E-Sports Can Be the Next Big Online Gambling Thing
Posted: October 4, 2012
Updated: October 4, 2017
Males between 18 and 24 are more interested in e-sports than in online casinos.
American internet casino websites still attract large crowds, but the demographics look a bit scary: about 60 percent of gamblers are over 50 years of age.
However, a growing number of young people aged between 18 and 24 years, mostly males, are interested in competitions involving video games. They arrange competitions and form leagues known as e-Sports. The genre also involves the broadcast of live and online streaming of matches in popular titles, such as StarCraft II, League of Legends, and Diablo III.
Games on social network sites, such as Zynga’s Texas HoldEm Poker generated a huge crowd of followers, the amount of response they create on Facebook is second only to the site itself.
E-sports and social gaming experts Alan Mcglade and Corey Wade wrote an article for Forbes about the emerging market and its possibilities in internet betting in United States.
The study emphasizes: “That does not mean wager-based entertainment is unappealing to younger people, it is only that it is manifesting itself in a new way.”
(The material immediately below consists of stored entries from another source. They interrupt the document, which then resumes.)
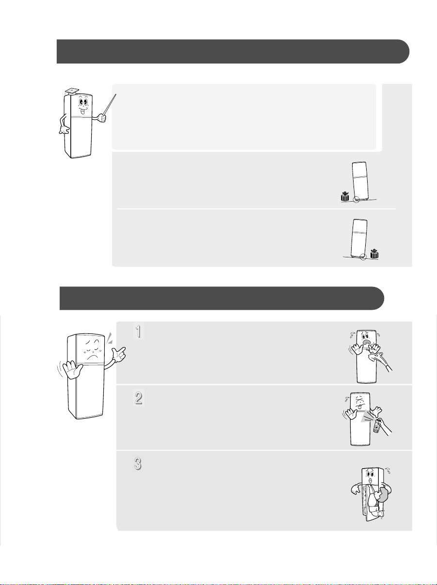 2. When disposing of refrigerator, first remove the doors, door seals and/or handles to ensure small children or animals cannot become trappend inside.
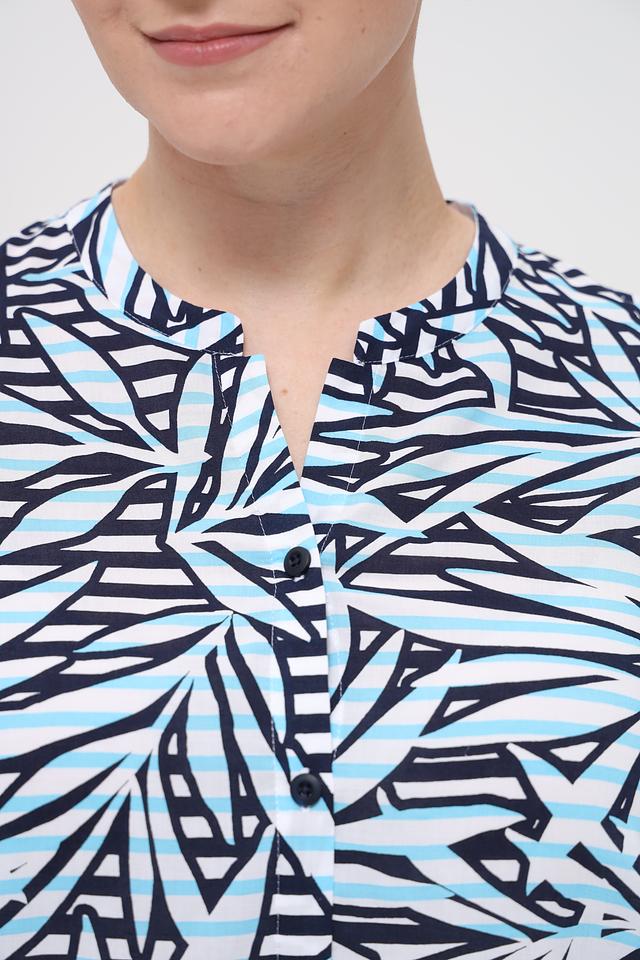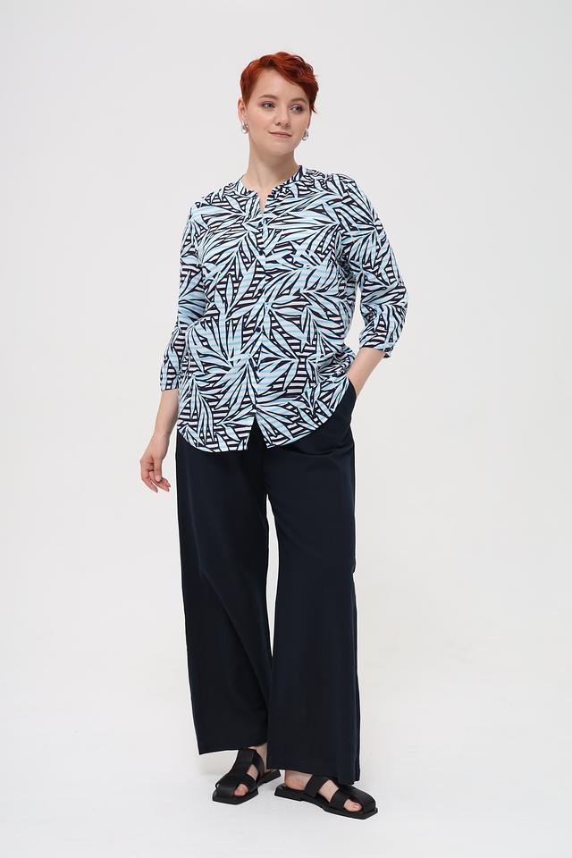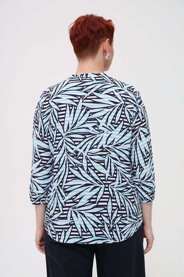Блуза имеет оригинальный принт в виде стилизованных листьев, выполненный в сочетании голубого и черного цветов. V-образный вырез горловины и рукава длиной 3/4 придают модели элегантный и женственный вид.
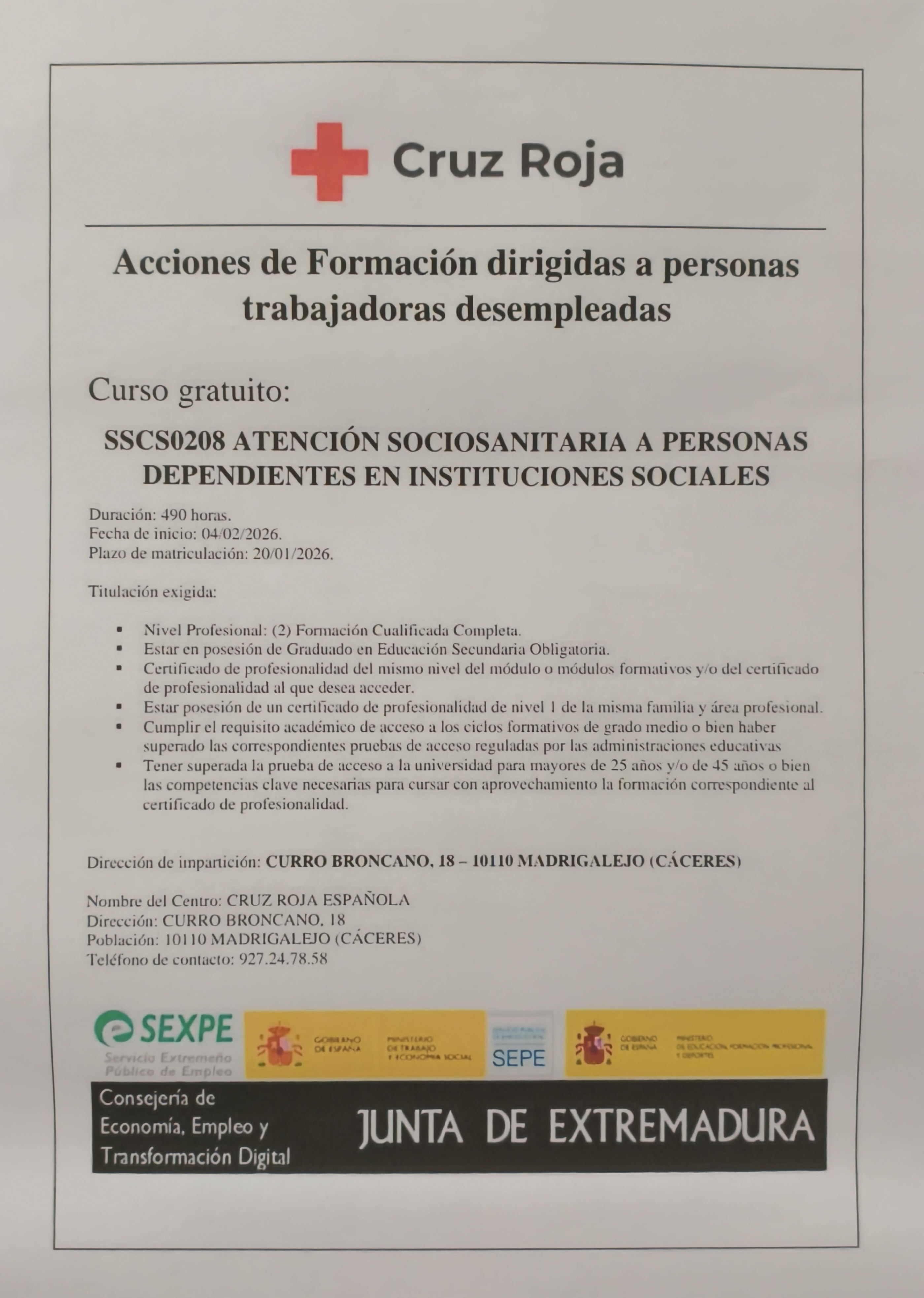 Lugar de impartición: En Madrigalejo, C/ Curro Broncano 18 (Cruz Roja)
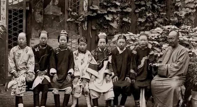 一名乡绅带着七个小妾站成一排,封建时代一夫多妻,正室讲究门当户对,小妾图的是年轻貌美,主子喜欢,可正室不待见,出身低贱,在家里抬不起头,左边那个姑娘双腿交叉站着,这姿势是那时候妓院里常见的,一看就知道来路不正,乡绅家大业大,养得起这么多人,可这些女人心里各有各的苦。
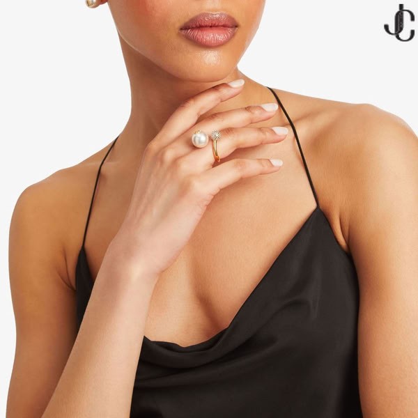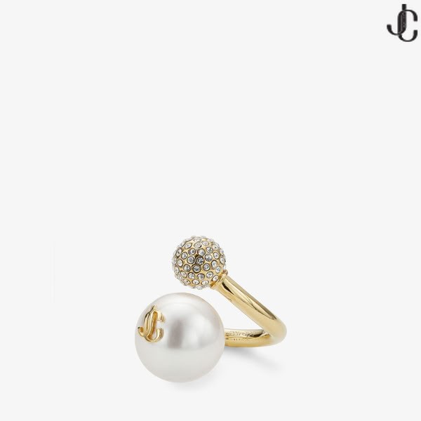 Auri yüzük, inci ve kristal süslemeli altın kaplama metalden zarif bir parçadır. Zamansız bir görünüm için Auri küpelerimizle mükemmel bir uyum sağlıyorlar.
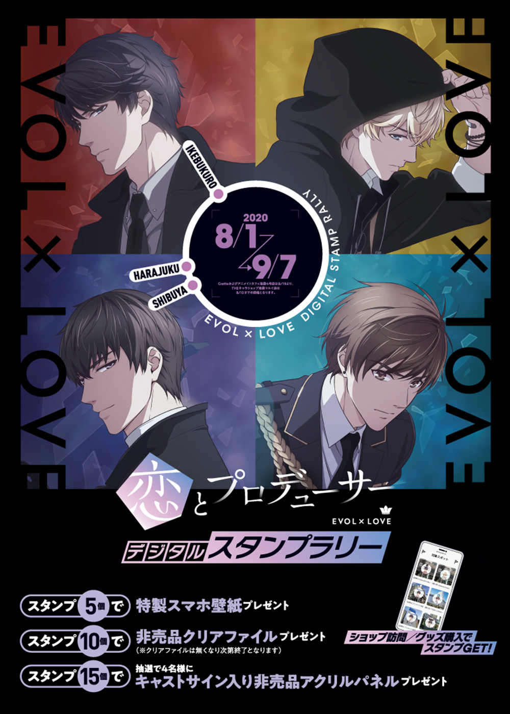 2020.07.16TVアニメ『恋とプロデューサー~EVOL×LOVE~』デジタルスタンプラリー詳細情報解禁!期間中タイアップ店舗では「恋とプロデューサー展」「コラボカフェ」「ポップアップSHOP」「香水投票PROJECT」など一挙開催!
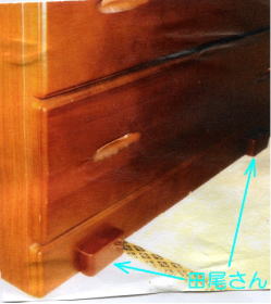 地震で家具が揺れると、家具の最下部の前面に取り付けた、左右の本装置から下に足(支え棒)が出て転倒を防止します。 |
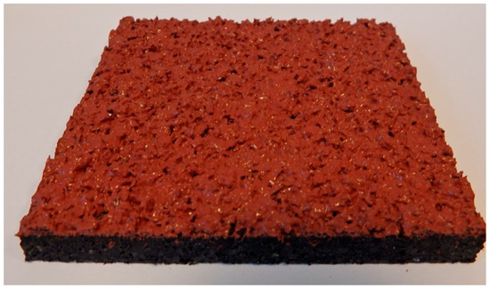 Figure 1) consisting of a base layer made of SBR (styrene–butadiene rubber) granules bound with polyurethane resin, topped with a fine-textured EPDM (ethylene propylene diene monomer) layer applied using a spray method. The top layer was formulated with colored EPDM granules (0.5–1.5 mm fraction) and aliphatic PU binder in a mass ratio of 1:0.2.
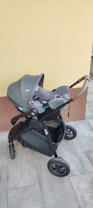 Prodam rabljen otroški voziček Joie 3v1 - lupinica, košara in športni del se lahko namontirajo na ista kolesa.
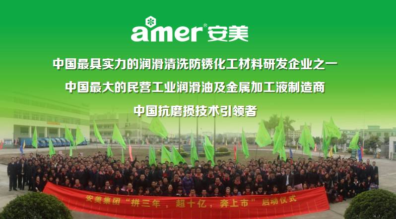 安美科技股份有限公司始创于1995年,二十多年来一直专注于CNC、模具、压铸、注塑、重工机械、汽车零部件、机加工等60多个行业的设备润滑的研究与生产。安美集团以“遵道爱人,厚德润物”为经营理念,凭借多年的工业耗材领域润滑专家经验,提供金属切/削/磨各工序加工、环保清洗、防锈、零排放的实战解决方案,主要产品包括工业润滑油、金属加工液、清洗剂、防锈剂、车用油、导热节能产品等,是国家级高新科技企业、广东著名商标、中国最受欢迎工业润滑油品牌、中国民营润滑油企业十强、AAA级信用企业。
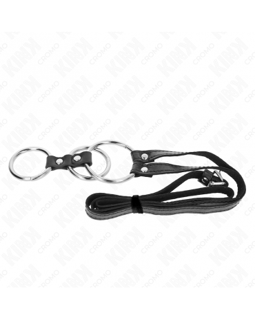 KINK - ANELLO PER PENE IN METALLO TRIPLO DA 3,8 CM A 5 CM CON CINTURA IN PELLE 112 CM
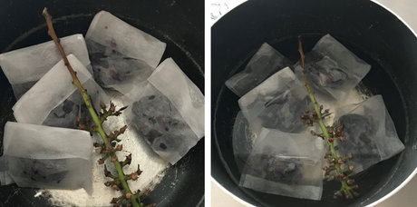 ぶどうの皮をお茶パックに詰めて、茎と一緒に鍋に入れます。

The article explains: “It represents a major cultural and economic shift from old-world, physical forms of entertainment with limited availability to easily accessible virtual entertainment in the online space. It is a shift that breaks along generational lines, aided by [PC, laptop, tablet and mobile] technology that is increasingly integrated into every aspect of our lives.”
The article goes on saying: “At first glance, a video game where Terrans and Aliens battle one another in space seems to share little in common with a card game. But not everyone sees it that way. A company called Playhem has built a social wagering and competitive gaming website offering a common platform for head-to-head game play and the streaming of matches.”
Playhem co-founder Keith Swan adds: “We see online poker as much closer to a real-time strategy video game than a physical game of table poker.”
The potential of the market is huge, but the legal background is confusing at best. The industry is eager to know whether American gambling laws will allow putting real-money bets on e-sports events. If yes, we predict a growth at an amazing speed.